Leija’s counsel argued that no portion of the mortgage should be deducted from the

community share of the Yakima home. If the property were to be sold, the mortgage would be

treated as solely the brother’s separate debt to secure his half in the interest in the home. Leija’s

counsel argued, “[Garcia-Leija’s] interest is the full half of the appraised value because she herself

has no debt associated with her half.” VRP at 1471.

The trial court noted that a person’s name can be on a property without also being on a

mortgage for that property. Ultimately, it concluded that there should be “no reimbursement for

the mortgage. The mortgage, it belongs to [Garcia-Leija’s brother]. When this house is sold,

[Garcia-Leija will] get her 50 percent and his will be minus the mortgage.” VRP at 1475.

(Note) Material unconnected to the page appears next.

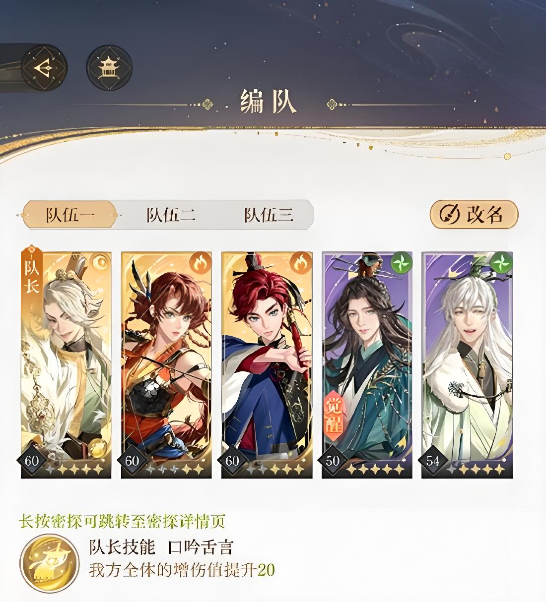 2、推薦楊修陳登香權組成隊伍,楊修擔任隊長提供20%增傷,這一對抗首領高回血機制至關重要不可缺少。

After years of hearings, the trial court adopted an appraisal of the Yakima property at

$585,000. The trial court did not deduct the amount owed on the mortgage before calculating the

value of the community’s 50 percent interest. As a community, Leija and Garcia-Leija owned half,

or $292,500, of the total value. The trial court thus required Garcia-Leija to pay Leija his 40 percent

share of their 50 percent interest, which amounted to $117,000.

4 No. 57487-0-II

ANALYSIS

I. LEGAL BACKGROUND AND STANDARDS OF REVIEW

In Washington, when two or more people buy real property together, they are assumed to

be tenants-in-common unless specified otherwise. RCW 64.28.020(1). Each cotenant holds an

undivided interest in the whole property and has the right to possess and enjoy the whole property.